We agree, however, with Richard’s argument that he should not have been ordered to pay attorney fees incurred by Wanda in defending this appeal because there is no evidence in the record to indicate he had the financial ability to pay these fees. The testimony at trial regarding Richard’s income and expenses was somewhat vague; it seems to indicate that both Richard and Wanda had exhausted their savings by the time of the trial. The trial judge labelled Richard’s income “irregular.” Wanda’s testimony at the hearing on her petition for fees that Richard was working appears to be hearsay; even if Wanda had personal knowledge that Richard was working at the time of the hearing, there is no evidence of Richard’s income in the record. The distribution of property following dissolution of the marriage gave the only signifiant marital asset, the marital residence, to Wanda. In short, there is no evidence that Richard possessed any assets other than an automobile and an insurance policy at the time the trial court ordered him to pay Wanda’s attorney fees.

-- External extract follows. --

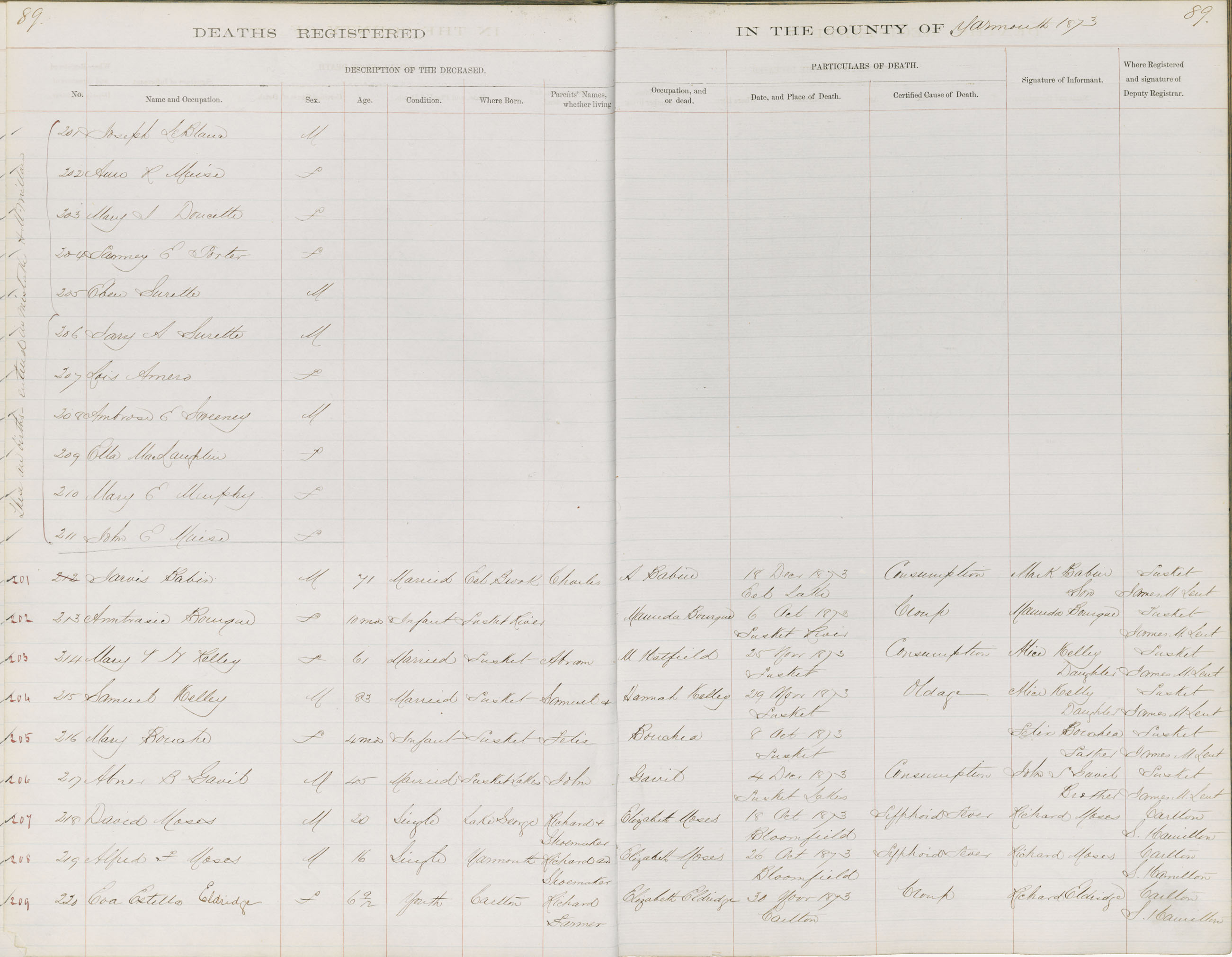 Death Registration: Year: 1873 book: 1818 page: 89 number: 209

The authority for allowance of fees on appeal is found in section 508(a)(3) of the Illinois Marriage and Dissolution of Marriage Act (Ill. Rev. Stat. 1979, ch. 40, par. 508(a)(3)). The allowance of attorney fees is a decision that rests within the sound discretion of the trial court, and .a fee award will not be reversed on appeal unless an abuse of discretion is shown. (Donnelley v. Donnelley (1980), 80 Ill. App. 3d 597, 400 N.E.2d 56; Gasperini v. Gasperini (1978), 57 Ill. App. 3d 578, 373 N.E.2d 576.) An award of fees is justified only where the party seeking the award has demonstrated his or her own inability to pay and the financial ability of the other spouse to do so. In re Marriage of Smith (1981), 100 Ill. App. 3d 1126, 427 N.E.2d 1262; In re Marriage of De Frates (1980), 91 Ill. App. 3d 607, 414 N.E.2d 1188; Donnelley v. Donnelley; Gasperini v. Gasperini; Glassman v. Glassman (1971), 133 Ill. App. 2d 609, 273 N.E.2d 177.

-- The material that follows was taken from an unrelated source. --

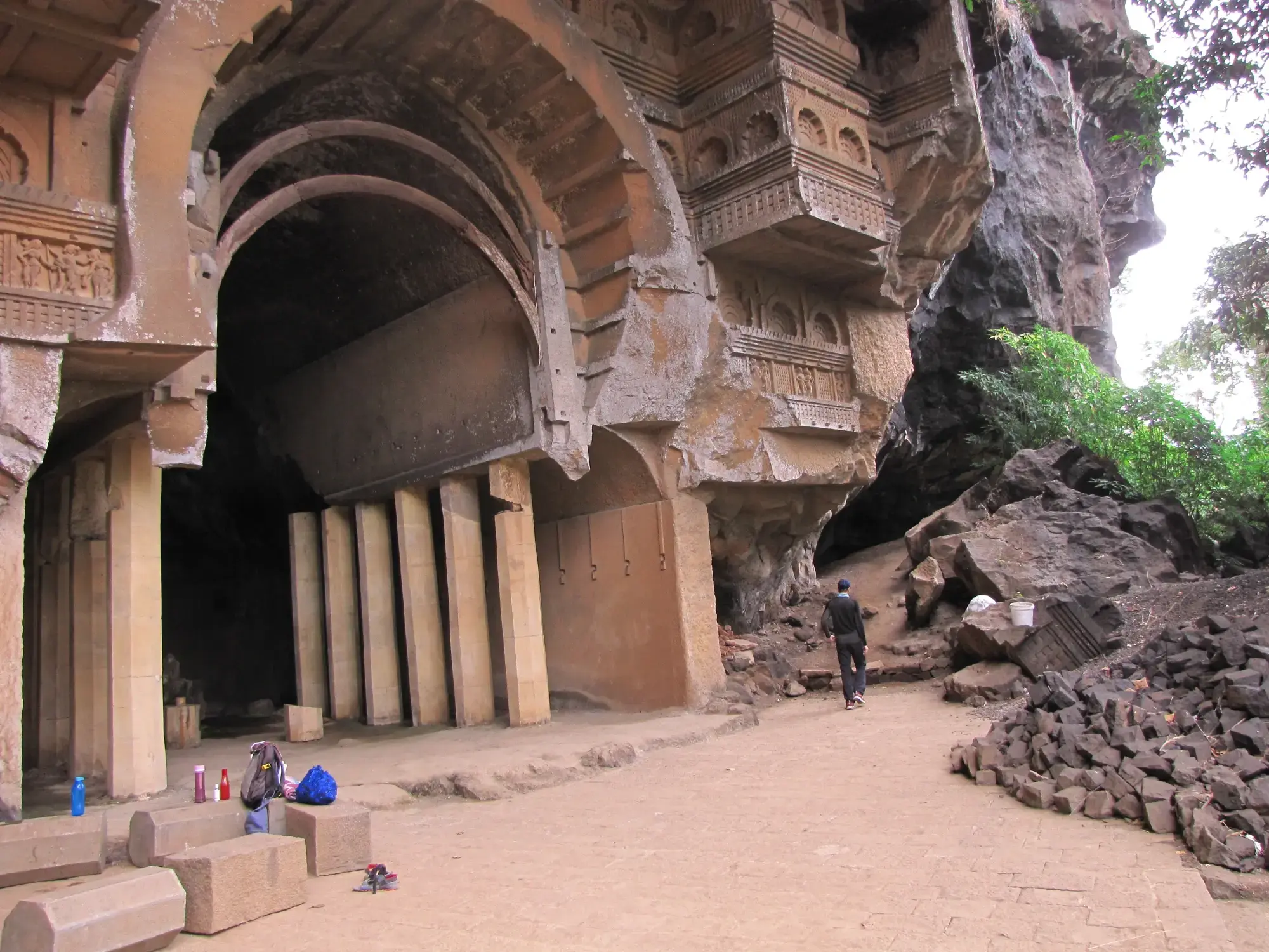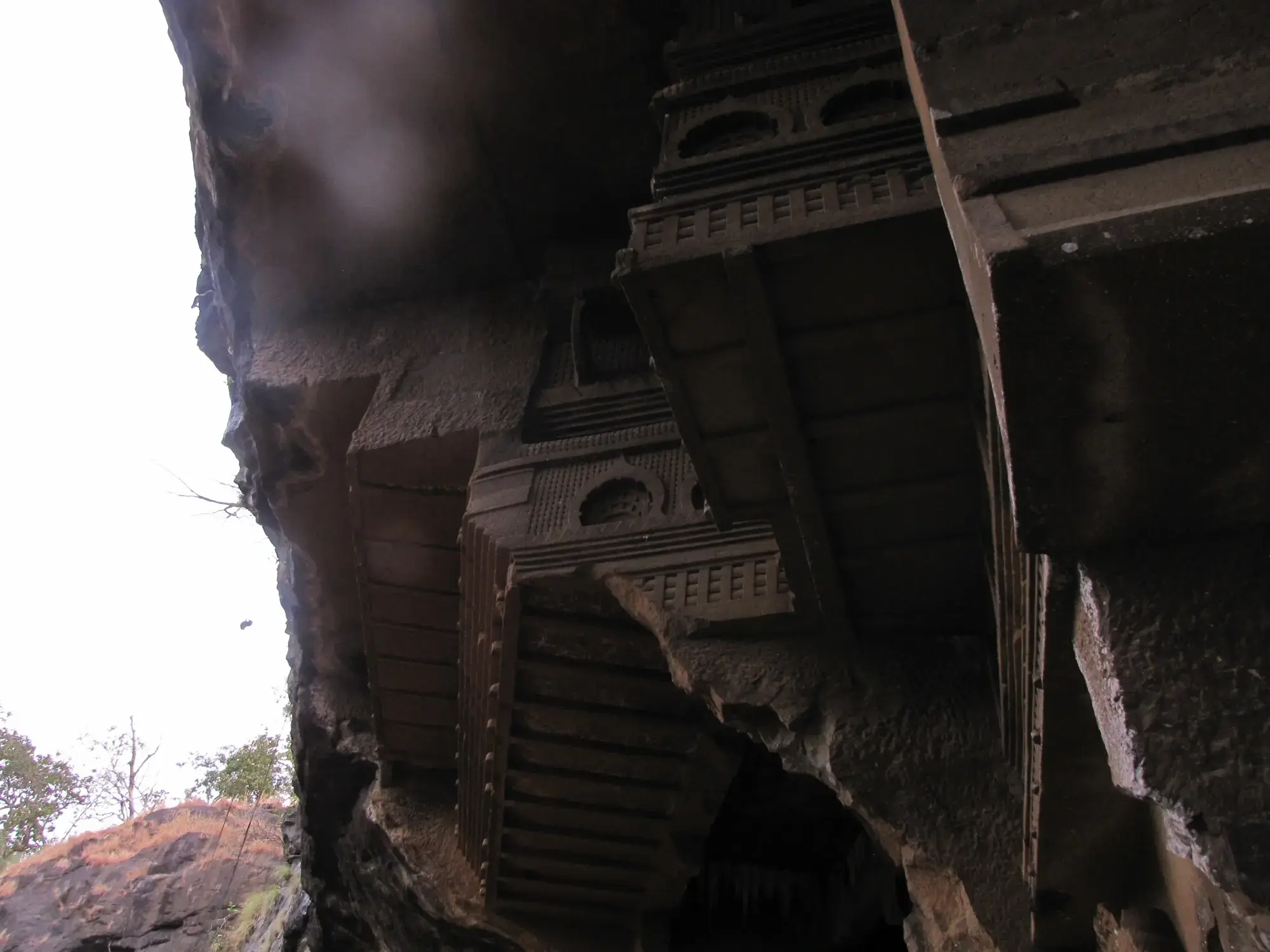 After reaching the top, I rested for a bit and then explored the caves. These caves are man made and are built by excavating rock. These are a small glimpse of Indian Rock Cut Architecture style. These were created by Buddhists and their patrons. They are called Viharas as they used to be facilities where, Buddhist monks, travelers and traders could stay while on the move.
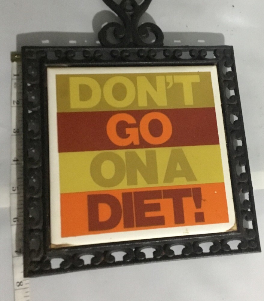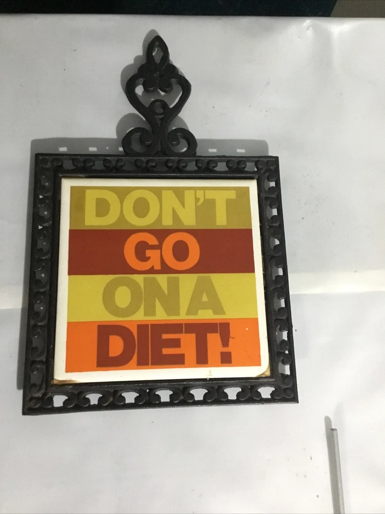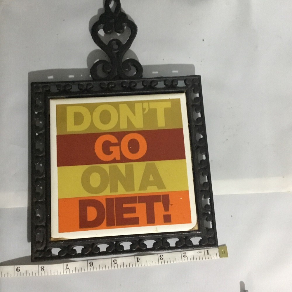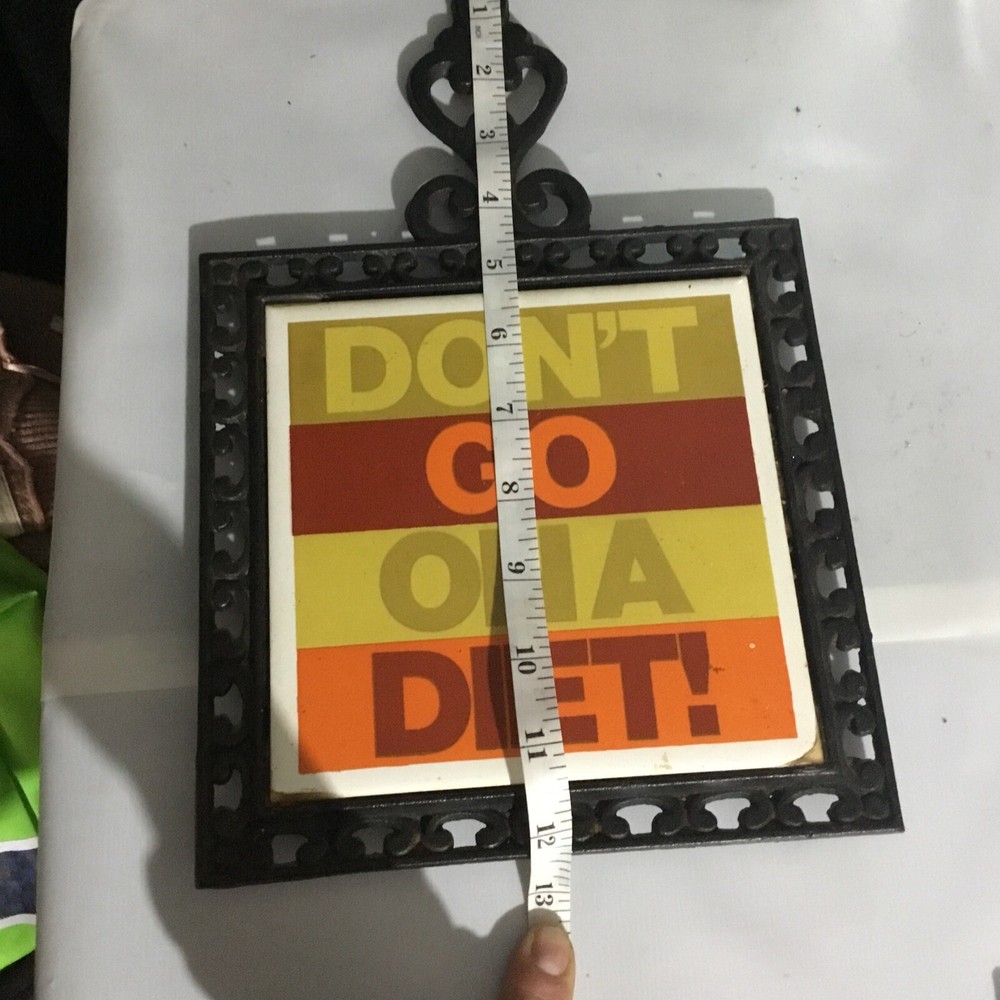 Vtg Mid Century Cast Iron Ceramic Tile Trivet Orange ‘Yellow lime green...

In applying these principles, this court recently held that denial of attorney fees to a spouse claiming inability to pay was not an abuse of discretion in a case where the petitioning spouse had not sustained her burden of showing her spouse’s ability to pay the fees. (In re Marriage of Donahoe (1983), 114 Ill. App. 3d 470, 448 N.E.2d 1030.) Conversely, this court reversed an award of fees where there was a similar failure to demonstrate the financial ability of the payor spouse to comply with the order to pay attorney fees. In re Marriage of De Frates (1980), 91 Ill. App. 3d 607, 414 N.E.2d 1188.

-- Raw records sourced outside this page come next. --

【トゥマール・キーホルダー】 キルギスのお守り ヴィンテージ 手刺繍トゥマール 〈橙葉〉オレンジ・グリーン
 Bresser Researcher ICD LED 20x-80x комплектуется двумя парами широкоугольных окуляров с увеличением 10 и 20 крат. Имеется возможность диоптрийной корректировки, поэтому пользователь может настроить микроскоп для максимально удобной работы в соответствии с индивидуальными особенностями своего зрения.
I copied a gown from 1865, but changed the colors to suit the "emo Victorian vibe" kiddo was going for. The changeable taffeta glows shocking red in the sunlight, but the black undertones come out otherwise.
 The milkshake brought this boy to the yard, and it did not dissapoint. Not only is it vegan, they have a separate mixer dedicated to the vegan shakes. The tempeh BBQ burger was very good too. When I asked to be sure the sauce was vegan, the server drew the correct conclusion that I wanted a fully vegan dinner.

In our view, these precedents are controlling in the case at bar. We need not discuss the question of Wanda’s inability to pay her own attorney-fees because the record does not indicate that Richard is able to pay them. Indeed, as noted above, the record shows that the only major item of marital property, the home, was awarded to Wanda, leaving Richard without assets with which to pay the fees as ordered. Accordingly, we reverse the trial court’s order that Richard pay $4,000 for Wanda’s attorney’s defense of this appeal.

Affirmed in part, reversed in part.

ROMITI, P.J., and JOHNSON, J., concur.